# Velo-Discount Grötzingen



## specialist (23. April 2005)

Werte Radsport Gemeinde,
öfters wird hier im Forum Kritik an dem ein oder anderen Radladen geübt. Wo kauf ich am besten, wo besser nicht, da ist die Beratung schlecht und dort wird mir was aufgeschwatzt. Es gibt viele Beispiele und auch ich wüsste sofort einen Laden in dem ich nie was kaufen würde, euch geht´s bestimmt auch so!?
Wenn ihr einen Moment Zeit habt, möchte ich euch erzählen was sich heute im Velo-Discount in Grötzingen zugetragen hat.
Eine Geschichte über einen völlig unbürokratischen Radumtausch:
Mein kleiner Bruder wollte sich ein Rad kaufen. Er hatte 500 Euro und mich nicht um Rat gefragt. Also ging er in o.g. Laden und wie auch immer es dazu kam, das konnte nicht geklärt werden, kam er mit einem Fully von Hawk wieder raus. das Rad stand wohl schon einige Jahre im Laden, war reduziert und kostete 499.- .
Das war vor einer Woche. Als ich heute zu meinem Bruder komme und das Rad sehe, höre was er dafür gezahlt hat ist mir die Kinnlade runter- Betrug! dachte ich als erstes. Das Rad- Baumarktqualität, über den Daumen geschätzt 150 Euro wert (alte RST Gabel+Dämpfer, Alvilo, Acera-STI...ganz schlecht halt), es gibt leider kein Foto, aber ihr könnt mir vertrauen.
Ich bin dann in den Laden und habe mich erkundigt über das Rad und wie das mit dem Verkauf gelaufen ist.
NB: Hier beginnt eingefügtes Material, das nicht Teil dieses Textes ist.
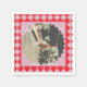 Add a sweet pop of retro charm to your celebration with this pink and red wedding napkin, designed to impress! The bold chequerboard border in rich red and playful pink frames your favourite couple photo, highlighted by a scalloped edge detail. The word “Cheers!” adds the perfect festive touch, with customisable text for names and your special date.
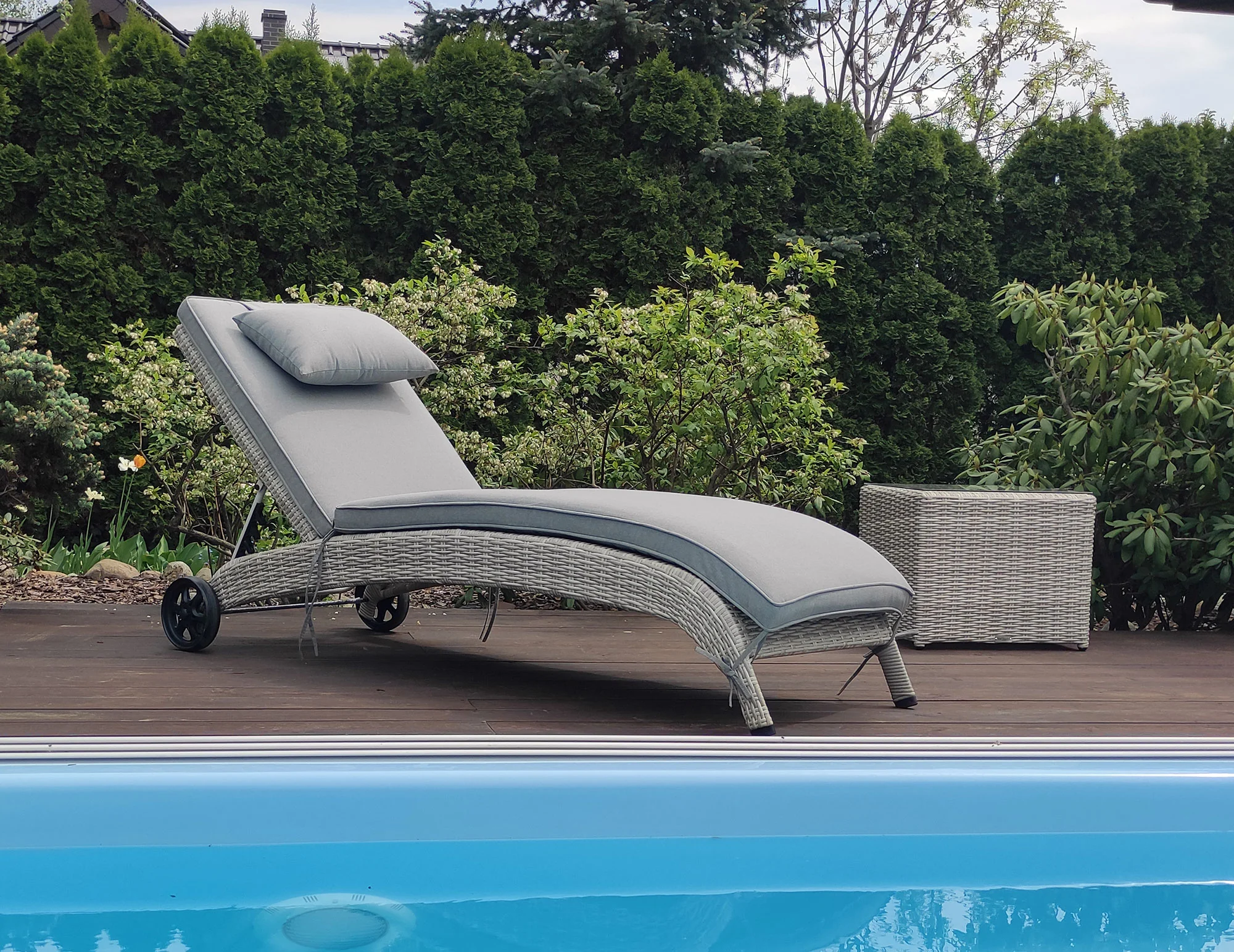 Leżak ogrodowy na kółkach z regulacją oparcia

Schnell war ich mit dem neuen Chef, Hr.Schulz, einig darüber das einiges falsch gelaufen ist. Mein Bruder wurde falsch beraten, hat gutgläubig wie er ist nichts gesagt, das Rad gefiel ihm auch...und so weiter und sofort.
Das faire Angebot des Chefs: Mein Bruder kann das Rad zurück bringen und sich ein anderes in der Preisklasse aussuchen. Mein Bruder hat sich ein Corratec  X-Vert Deore ausgesucht, auch 499.-, 2005er Modell, Preis/Leistung geht in Ordnung.
Da dies eine faire Aktion war, gibts von mir hier ein Sonderlob   für den Hr. Schulz und für den Bike-Discount.
Später im Gespräch sagte mir der Hr. Schulz, der auch erst ein paar Wochen dort tätig ist, dass der Bike-D. seine Palette fast komplett umstellen möchte. Keine Mogelpackungen mehr, neue Marken (Michelin, Corratec, etc.), geschulteres Personal.
Hoffen wir, dass das neue Konzept greift und wir weiter positive Dinge hören.
Vielleicht habt ihr ja auch Erfahrungen mit dem Grötziger Velo-Discount gemacht, dann bitte ich diese doch hier in diesem Fred nieder zu schreiben.
Möglicherweise ist ja auch ein Mitarbeiter oder der Chef selber unter den heimlich mitlesenden  , so sollen sie auch hier ihre Meinug oder Gegendarstellungen kundtun.

Schönes Wochenende
Euer specialist


----------



## eL (23. April 2005)

Tach auch
Also kotzingen ist doch das kaff welches seine durchreisenden gäste geschickt an der heimischen marktwirtschaft unten durch leitet. 
Ich könnt mir gut vorstellen auf dem weg zur kritischengröße dort nochmal station zu machen um mir ne frische annanas vom wegesrand zu pflücken. aber leider scheint in diesem tunnel nie die sonne rein ... weswegen die ganzen annafeucht stauden eingegangen sind   

schön tach noch

eL


----------



## MTB-News.de




----------



## specialist (23. April 2005)

eL schrieb:
			
		

> Tach auch
> Also kotzingen ist doch das kaff welches seine durchreisenden gäste geschickt an der heimischen marktwirtschaft unten durch leitet.
> Ich könnt mir gut vorstellen auf dem weg zur kritischengröße dort nochmal station zu machen um mir ne frische annanas vom wegesrand zu pflücken. aber leider scheint in diesem tunnel nie die sonne rein ... weswegen die ganzen annafeucht stauden eingegangen sind
> 
> ...


Vielen Dank, eL, für die Teilnahme an diesem Fred. Leider Thema verfehlt!
Setzen-6


----------



## eL (23. April 2005)

zu friedenszeiten gingen die benotungen nur bis 5


----------



## Cook (23. April 2005)

Hallo Spezi!
Grötzingen oh Heimat du...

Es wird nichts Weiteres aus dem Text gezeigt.